> [INPUT DATA]
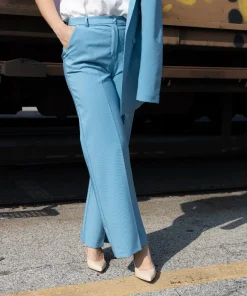 Pantalone a palazzo da donna di BERNA, color azzurro. Dotato di due tasche, chiusura a lapo con bottone in tessuto e passanti per la cintura.
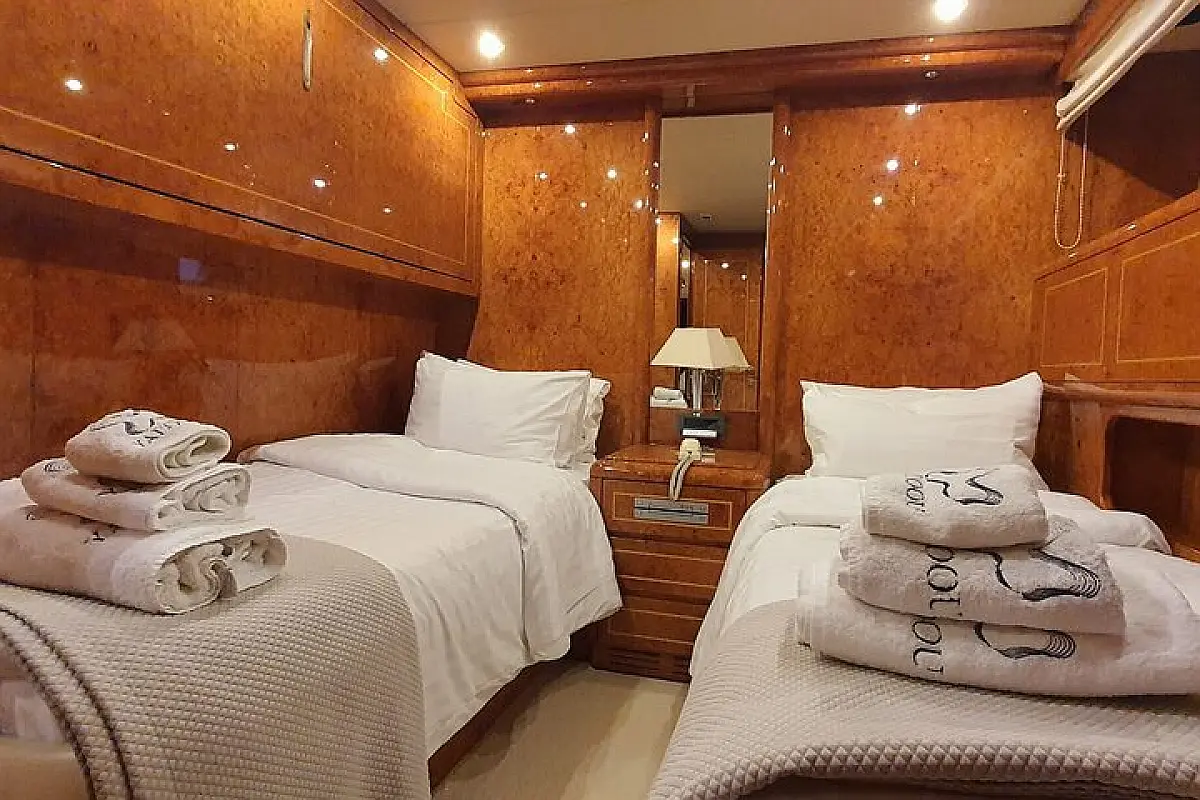 Air condition, Autopilot, Bathing platform, BBQ/ Grill, Bow thruster, Cooker/ Stove, Dinghy, Dishwasher, Fishing set, Freezer, Generator, Heater, Ice maker, Inverter, LCD TV, Nespresso Coffee machine, Outside deck speakers, Outside shower, Oven, Pillows and blankets, Radar, Refrigerator, Shower, Sink, Snorkel sets, Solar panels, Towels, Washing machine, Watermaker
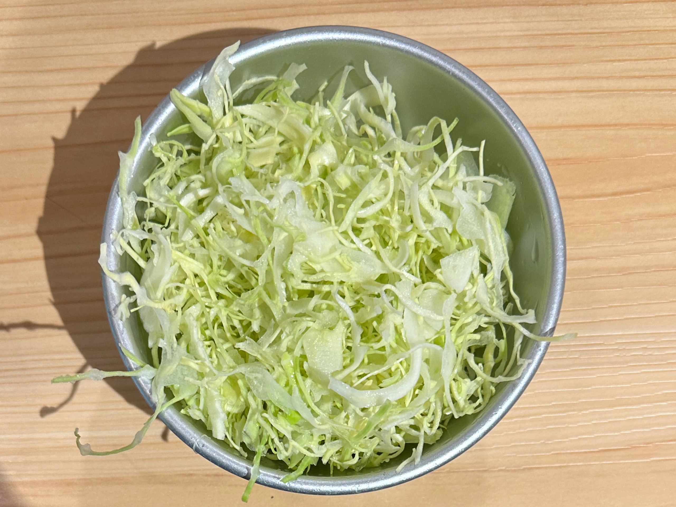 千切りキャベツにタルタルソース。後半タルタルが足りなくなったら卓上のソースを掛けても良いかも。

> [ACTIVITY]
I'd like the data above duplicated exactly, with no pictures included.

> [ANSWER SECTION]
 Pantalone a palazzo da donna di BERNA, color azzurro. Dotato di due tasche, chiusura a lapo con bottone in tessuto e passanti per la cintura.
 Air condition, Autopilot, Bathing platform, BBQ/ Grill, Bow thruster, Cooker/ Stove, Dinghy, Dishwasher, Fishing set, Freezer, Generator, Heater, Ice maker, Inverter, LCD TV, Nespresso Coffee machine, Outside deck speakers, Outside shower, Oven, Pillows and blankets, Radar, Refrigerator, Shower, Sink, Snorkel sets, Solar panels, Towels, Washing machine, Watermaker
 千切りキャベツにタルタルソース。後半タルタルが足りなくなったら卓上のソースを掛けても良いかも。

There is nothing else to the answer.